### Records to process
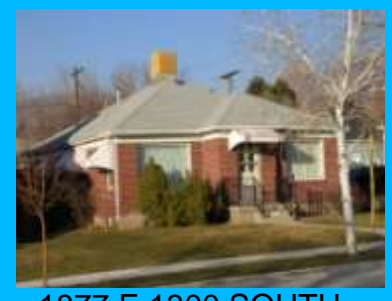
1877 E 1300 SOUTH A
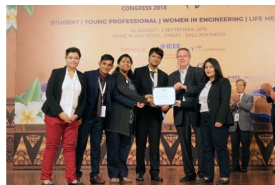
IEEE AIUB Student Branch and IEEE North South University Student Branch is receiving award of MGA Region 10 Exemplary Student Branch 2017 and 2018 respectively

During the Awards Night on 31st August, the IEEE R10 SAC Awards for 2018 and MGA Awards for 2017,2018 were presented. The recipients for these awards were:
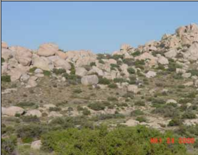
Rugged terrain of boulders and rock outcrops, and contrasting colors and texture of vegetation patterns.
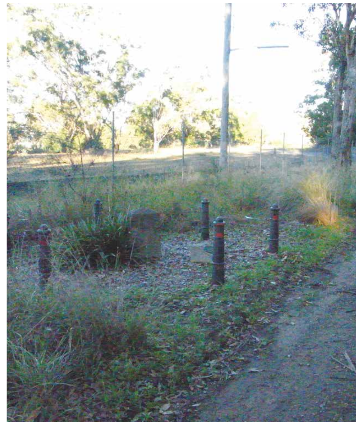
Historical Milestone: Near Macdonald Road
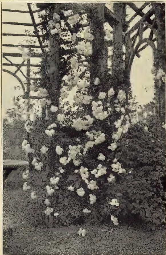
"Lady Gay," the splendid new Rambler. Notice how full each individual flower, and how large the clusters

Lady Gay A most attractive novelty, being equally admired for the brilliant coloring of the flowers and the abundance in which they are produced. The color is a deep, clear and rich rose-pink, the individual flowers being large for their class, full, and arranged in immense clusters. We want you to be sure to try this, no difference how small your collection, for we consider it among our most valuable kinds. It is different from all other
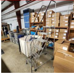
Rolling Ladder 6 Step With Wheels $95.00 each
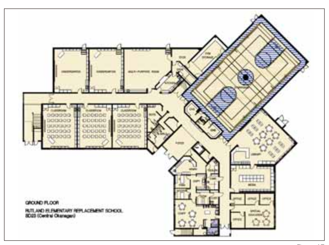
Figure 17 Ground floor plan

The building configuration and the selection of materials for the Rutland Elementary School in the Central Okanagan ( Figure 16 ) area of British Columbia was determined by an extensive design and value analysis process focused on economy, efficiency, durability, and sustainability. The 3,000m<sup>2</sup> (32,500 ft<sup>2</sup>) school ( Figure 17 ) employs several design innovations to address evolving needs and priorities in both the teaching environment and longterm maintenance. Building systems were selected for each individual element based on appearance, durability, cost and sustainability. The building responds well to the provincial sustainability guidelines.
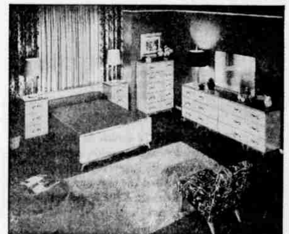
Very New and Smart is the combination of light and dark woods used for this attractive modern bedroom furniture. The light colored wood is the new African Korina, which closely resembles mahogany, while the darker trim is gray mist walnut. Graceful, silver drawer pulls and curved bases add distinction to this flexible, modestly priced group.

Millinery carries the irregular, head hugging shapes shown in the Spring and Summer collections. The helmet, the deep cloche and the little beret are the basic shapes. Making a strong bid for new popularity is the turban — smart, sophisticated turbans have been shown in lovely metallic cloths and spiced with jeweled or feathered accents. Early predictions forecast that the turban will be the fashion for the soft, smooth detailing of the ready-to-wear creations of the season.
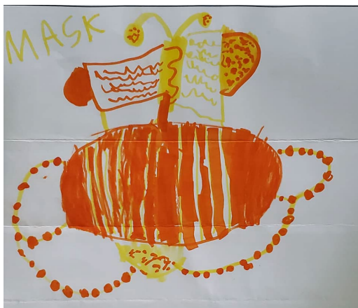
Bella Meyer, Council #179 ("Striped mask with ear straps, a chin strap with lights and a butterfly decoration on top")
######
What the exercise asks:
Please transcribe the lines from the one containing "Figure 17 Ground floor plan" to the last line of the listing, both included, exactly and with nothing added, leaving every picture out.

Solved exercise:
Figure 17 Ground floor plan

The building configuration and the selection of materials for the Rutland Elementary School in the Central Okanagan ( Figure 16 ) area of British Columbia was determined by an extensive design and value analysis process focused on economy, efficiency, durability, and sustainability. The 3,000m<sup>2</sup> (32,500 ft<sup>2</sup>) school ( Figure 17 ) employs several design innovations to address evolving needs and priorities in both the teaching environment and longterm maintenance. Building systems were selected for each individual element based on appearance, durability, cost and sustainability. The building responds well to the provincial sustainability guidelines.
Very New and Smart is the combination of light and dark woods used for this attractive modern bedroom furniture. The light colored wood is the new African Korina, which closely resembles mahogany, while the darker trim is gray mist walnut. Graceful, silver drawer pulls and curved bases add distinction to this flexible, modestly priced group.

Millinery carries the irregular, head hugging shapes shown in the Spring and Summer collections. The helmet, the deep cloche and the little beret are the basic shapes. Making a strong bid for new popularity is the turban — smart, sophisticated turbans have been shown in lovely metallic cloths and spiced with jeweled or feathered accents. Early predictions forecast that the turban will be the fashion for the soft, smooth detailing of the ready-to-wear creations of the season.
Bella Meyer, Council #179 ("Striped mask with ear straps, a chin strap with lights and a butterfly decoration on top")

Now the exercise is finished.